Lethal Weapon (1987), much like Die Hard (1988), is a Christmas movie! An unorthodox Christmas movie, for sure; but Christmas in many forms is present. It’s not incidental to the story; it impacts a fair amount of the world within. In time for the 35th anniversary of Lethal Weapon, let’s explore how Christmas circulates within the film and sets much into motion!
I know, I know, “we’ve heard this before with Die Hard“… But just because either movie isn’t light-hearted fare with snow all around does not equal “you can’t call it a Christmas movie just ’cause someone says ‘Christmas’ once” as a legit point of argument.

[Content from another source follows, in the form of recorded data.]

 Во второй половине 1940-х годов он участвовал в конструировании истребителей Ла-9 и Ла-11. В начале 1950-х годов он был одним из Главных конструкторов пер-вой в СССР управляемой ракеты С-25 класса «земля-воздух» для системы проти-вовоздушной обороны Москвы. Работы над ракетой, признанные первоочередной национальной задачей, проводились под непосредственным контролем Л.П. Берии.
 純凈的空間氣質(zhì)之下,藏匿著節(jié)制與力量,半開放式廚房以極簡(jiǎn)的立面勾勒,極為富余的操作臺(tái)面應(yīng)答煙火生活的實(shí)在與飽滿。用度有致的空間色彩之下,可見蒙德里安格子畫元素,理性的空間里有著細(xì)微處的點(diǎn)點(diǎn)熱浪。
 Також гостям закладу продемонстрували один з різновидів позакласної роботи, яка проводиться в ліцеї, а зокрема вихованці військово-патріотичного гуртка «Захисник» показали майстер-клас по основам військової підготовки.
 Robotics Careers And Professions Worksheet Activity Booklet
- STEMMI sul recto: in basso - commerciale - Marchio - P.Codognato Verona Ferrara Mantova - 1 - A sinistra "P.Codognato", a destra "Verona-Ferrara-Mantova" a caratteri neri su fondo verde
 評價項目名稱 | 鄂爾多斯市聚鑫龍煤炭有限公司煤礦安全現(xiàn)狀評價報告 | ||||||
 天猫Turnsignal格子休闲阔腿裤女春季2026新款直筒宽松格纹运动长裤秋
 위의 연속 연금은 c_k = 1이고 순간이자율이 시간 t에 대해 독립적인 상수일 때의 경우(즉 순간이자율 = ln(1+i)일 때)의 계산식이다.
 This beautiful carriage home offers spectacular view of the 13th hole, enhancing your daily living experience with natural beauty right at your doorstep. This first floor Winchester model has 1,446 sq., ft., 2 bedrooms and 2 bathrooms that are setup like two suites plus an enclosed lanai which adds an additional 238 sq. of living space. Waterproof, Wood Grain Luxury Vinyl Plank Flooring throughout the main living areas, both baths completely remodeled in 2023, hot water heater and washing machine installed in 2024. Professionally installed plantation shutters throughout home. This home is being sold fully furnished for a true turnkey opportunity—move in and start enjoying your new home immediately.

First, consider the following statement from the movie’s script writer Shane Black — who often set his movies at Christmas-time. In a piece written by Den of Geek, Black says: “At Christmas, lonely people are lonelier, seeing friends and families go by. People take reckoning, [they take] stock of where their lives are at Christmas.”
This idea of Christmas highlighting these very things becomes all-too-obvious when we meet Martin Riggs (Mel Gibson). Riggs is a police sergeant who, after the death of his wife a few years prior, lives a very lonely life. He suffers daily, slipping into fits of rage or deep depression to the point of attempted suicides. He feels life is miserable but can’t seem to make it change for the better or just plain cap it off for himself.
When fellow sergeant Roger Murtaugh (Danny Glover) enters his life once they’ve been partnered, Riggs gets a glimpse into something better. Riggs gets to know Murtaugh and the latter man’s family; seeing them happily interacting. Christmas highlights Riggs’ loneliness, but also inspires him to see and appreciate what his partner has. By the end of the movie, Riggs becomes a sort of member of the Murtaugh family in time for Christmas dinner.
From there, the fare is very action/comedy buddy-buddy cop stuff. Riggs and Murtaugh uncover an ex military general’s plot to bring in heroin and set out to take him down; especially when the man has Murtaugh’s daughter kidnapped. Riggs proves his toughness in a one-on-one brawl with a mercenary who feels no pain. Murtaugh laments his getting too old for this stuff. And all is wrapped up in a neat little bow by the end.
Yet there is more to this seemingly simple action flick which makes it a Christmas movie.
As perfectly stated by writer Erin Keane in her piece for Salon indicating that Lethal Weapon is indeed such a movie: “the power of the Christmas story lies in its message of hope for renewal, which conveniently coincides in the Northern Hemisphere with the darkest days of the year.”
Keane also states, and I happen to agree, that another Christmas movie features a suicidal character and didn’t start out as a traditional Christmas movie: The character, George Bailey… The movie, It’s a Wonderful Life (1946)! And yet ultimately it tells a tale of one man’s renewal during Christmas-time and has been hailed as a Christmas classic since it began running yearly on TV.
Or for that matter, consider the old classic tale of one man who carries a hardened heart being renewed by the spirit of Christmas in its many loving and giving forms just in time to celebrate… I’m speaking of course of Ebeneezer Scrooge in “A Christmas Carol”!
While Riggs will always have the characteristics of a grizzled tough guy his world is made warmer and alive again. This is thanks to his involvement with, and essentially welcome into, Murtaugh’s family.
Still not convinced? Well then consider the fact that traditional Christmas elements are littered throughout Lethal Weapon!
We’ve got a Santa Claus on the street during the jumper scene, Christmas trees here and there (let alone a whole scene which occurs in a tree lot), traditional decorations like lights and ornaments and wreaths, eggnog beside Murtaugh’s old friend Michael Hunsaker when the latter is killed, presents under the tree at Murtaugh’s house, Riggs watching a Looney Tunes parody of “A Christmas Carol” as he contemplates suicide, and caroling at the police station. Shoot, even the opening and ending of Lethal Weapon are done with Christmas songs!
Fight it all you like, but there are many out there who consider Lethal Weapon to be worthy of inclusion as a Christmas movie tale. While not traditional light-hearted stuff, it brings the same feeling of renewal after suffering some dismal grey that is highlighted at the holiday season. Watch Lethal Weapon again and consider the evidence!